After decomposition, the data are processed by a dual-frequency spatio-temporal encoder. This module combines several submodules and is designed to analyze the extracted frequency components as well as their interdependencies. Low-frequency signals are processed by a temporal attention mechanism focused on long-term trends and their evolution. High-frequency data, in turn, pass through extended causal convolutional layers that identify subtle variations and their dynamics. The processed signals are then integrated through graph attention modules that capture spatio-temporal dependencies, reflecting relationships among various assets and time intervals. This process yields multi-level graph representations, which are transformed into multidimensional embeddings. These embeddings are merged using addition and graph attention mechanisms, forming a comprehensive representation of the data for subsequent analysis.
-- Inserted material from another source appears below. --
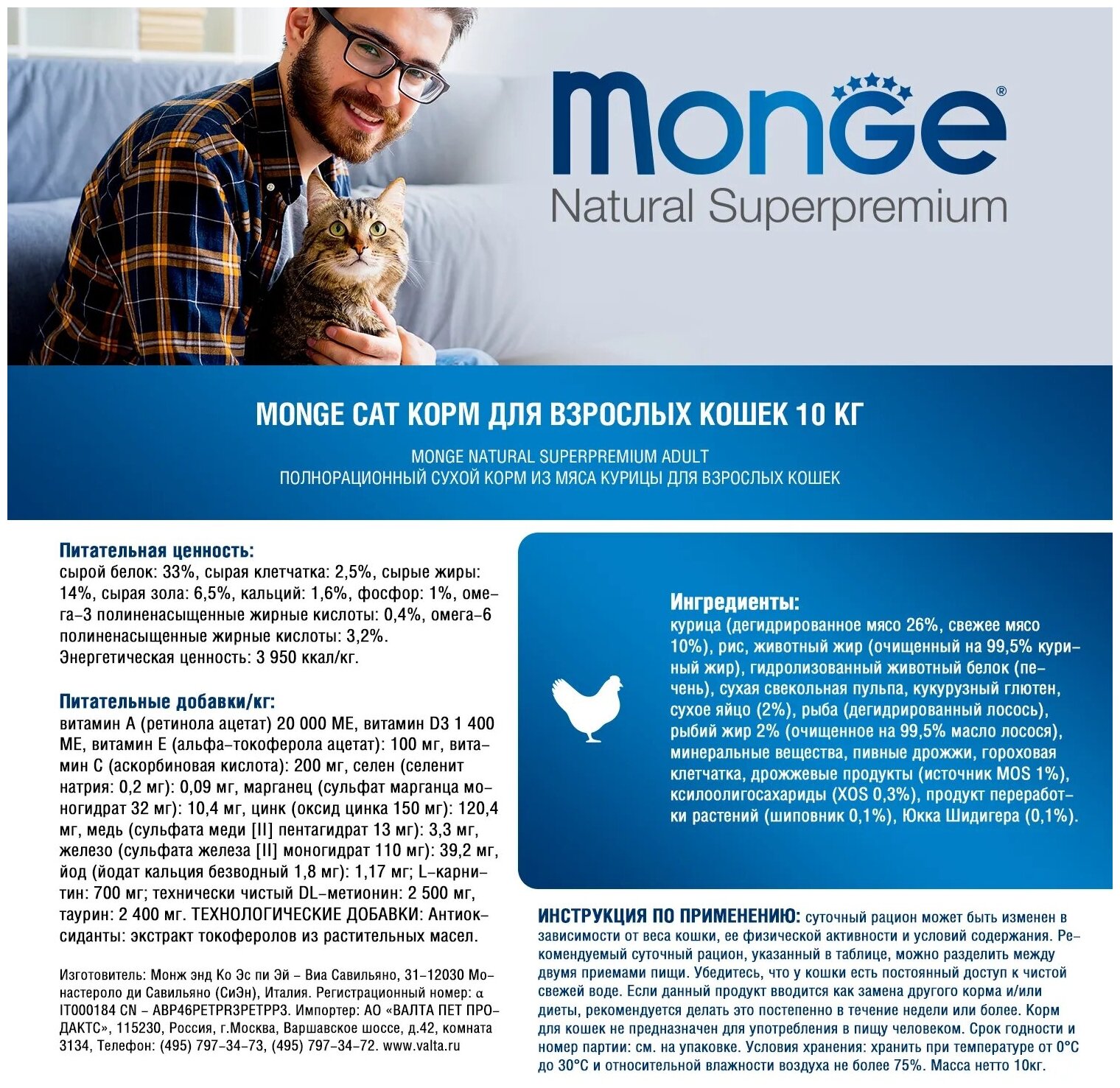 Monge Cat сухой корм для взрослых кошек с курицей - 10 кг интересное: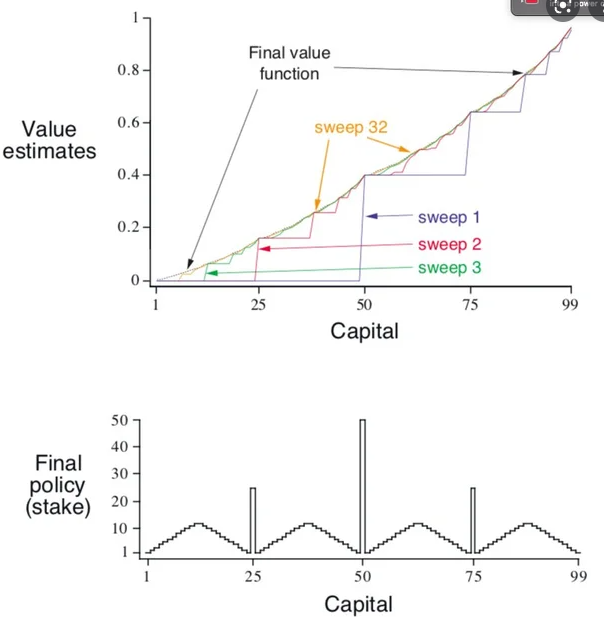 1. Optimal Policy 그래프가 보다 더 교재처럼 이쁘게 나오려면 동전이 앞면이 나올 확률(승률)을 0.4에서 0.25로 줄이면 보다 교재와 가까운 그래프를 얻을 수 있다.

A key stage of processing is the dual-frequency fusion decoder, which plays a crucial role in generating predictive outcomes. The decoder integrates predictors using a Fusion Attention mechanism, enabling the aggregation of low- and high-frequency data into a unified latent representation. This representation reflects temporal patterns across multiple scales, providing a comprehensive approach to data analysis. At this stage, the model generates hidden representations that are subsequently processed by specialized fully connected layers. These layers enable the model to perform multiple tasks simultaneously: forecasting asset returns, estimating trend change probabilities, and identifying other key characteristics of time series. The multitask processing approach makes the model flexible and adaptable to diverse market conditions—an especially important feature in the context of high financial market volatility.
An author-provided visualization of the Multitask-Stockformer framework is shown below.

Implementation of the Multitask-Stockformer Framework
We continue our work on implementing the approaches proposed by the authors of the Multitask-Stockformer framework in MQL5. This involves the practical implementation of key system components aimed at optimizing time series analysis.
One of the fundamental elements of the framework is the time series decomposition module, implemented within the CNeuronDecouplingFlow class. This component separates the input data into high- and low-frequency components, forming the foundation for subsequent analysis. The primary objective of this module is to extract the key structural characteristics of time series, considering their specificity and potential market trends. In the previous article, we examined the architectural and algorithmic solutions underlying the design of the CNeuronDecouplingFlow class.
The next stage of data processing involves analysis through a dual-frequency spatio-temporal encoder. As mentioned earlier, the framework authors proposed a complex encoder architecture that includes two independent data streams, each with its own structural design.
Low-frequency components are analyzed using a temporal attention mechanism based on the Self-Attention architecture. This approach provides powerful capabilities for identifying long-term dependencies and predicting global market trends. The use of Self-Attention ensures a deep understanding of complex data structures, minimizing the risk of overlooking significant interdependencies. In our current implementation, we decided to use one of the existing attention modules from our library, employing the Self-Attention mechanism.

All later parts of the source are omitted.